The Federal Reserve's monetary-policy report puts artificial intelligence on both sides of the price ledger. Building the systems creates present demand for electricity, chips and construction materials. Productivity may eventually reduce costs, but the report does not say when that dividend will arrive or how large it will be. [1]
That timing extends Thursday's account of Meta's 14-gigawatt target meeting a transformer shortage. The paper separated a corporate capacity target from equipment orders, interconnection and operating load. The Fed now supplies the macroeconomic version of the same sequence: physical inputs are bought before the promised efficiency is measured.
The distinction is easy to lose because AI investment is commonly described as a productivity story. That may prove correct. The report leaves the possibility open that new tools could let workers and companies produce more at lower unit cost. It also records the prior step, in which data centers compete for power, semiconductors and building materials. [1]

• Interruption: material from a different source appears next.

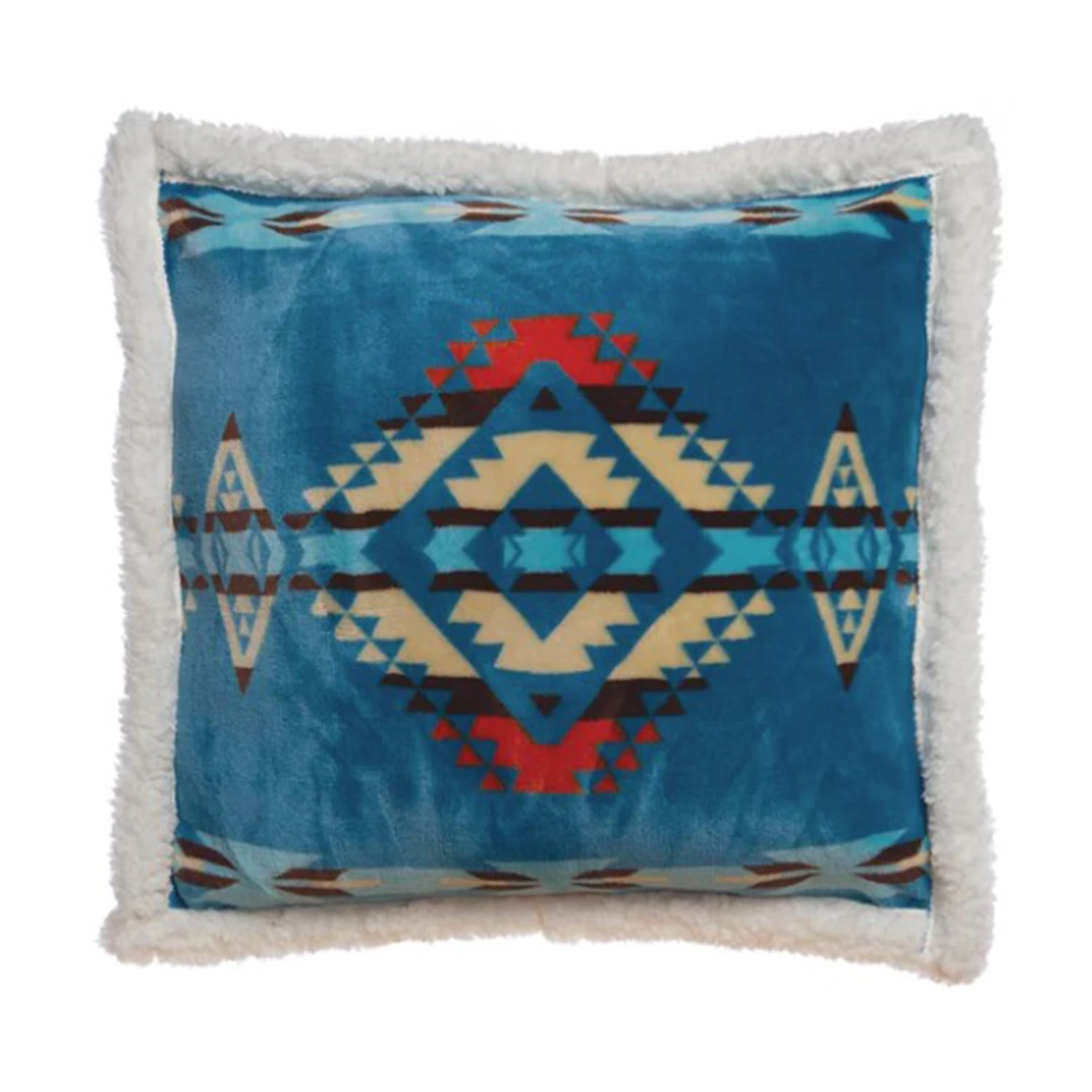 The Carstens Inc. Turquoise Southwest Pillow adds rustic charm with its colorful Western design while offering incredibly soft and cozy sherpa. 100% polyester fabric plush top with sherpa on reverse side. Pillow form included.
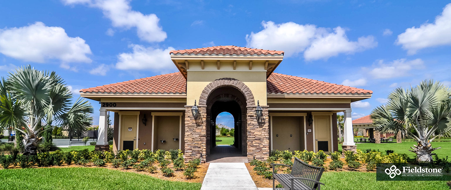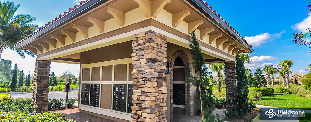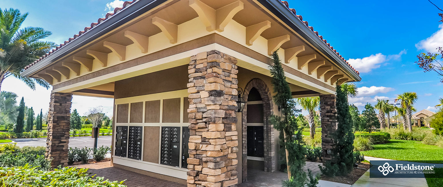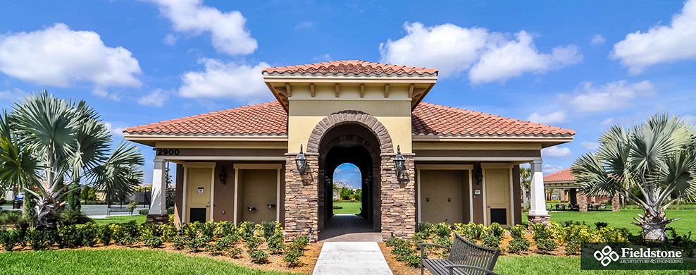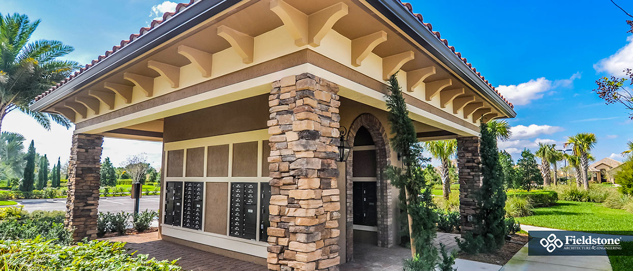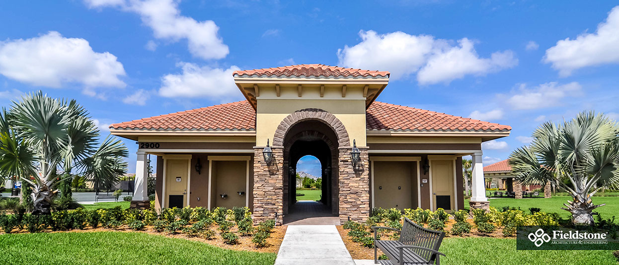 The clubhouse and amenity campus includes a mail kiosk, pool cabana, sports courts cabana, entry guardhouse, and entry sign. All amenities are designed to match the architectural style of the main clubhouse thus establishing a community identity through the architecture.

Those are not contradictory claims. They occur on different clocks. A transformer, chip tray or cooling system is paid for during construction. A productivity gain appears only after software is deployed, work changes and output can be compared with the labor and capital used to produce it. The report does not quantify either AI's share of current inflation or its future disinflationary effect. [1]
That limit matters. Calling AI permanently inflationary would turn a timing observation into a forecast the Fed did not make. Calling it already disinflationary would book a benefit before the report can identify its arrival. The defensible conclusion is narrower: the buildout creates demand now, while the offset remains uncertain.
AI discourse on X tends to collapse this interval. Product demonstrations become evidence of economy-wide efficiency, while infrastructure critics treat every power project as proof that the technology can never repay its cost. No verified topical X post surfaced in the research for this article, so neither camp enters as attributed evidence. Reuters' account provides the institutional record instead. [1]
The report is also not a rate decision. It gives Congress the Fed's account of inflation pressures and growth conditions; it does not assign votes or prescribe a permanent policy response to AI. Its value is diagnostic. It places the server campus inside the inflation discussion without pretending to know the date on which a better model will begin lowering prices.
The next evidence will need units. Power demand can be measured in megawatts, construction in dollars and chips in deliveries. Productivity requires output per unit of labor or capital over a stated period. Until both sides are measured, the honest order remains the one the Fed recorded Friday: costs first, possible gains later.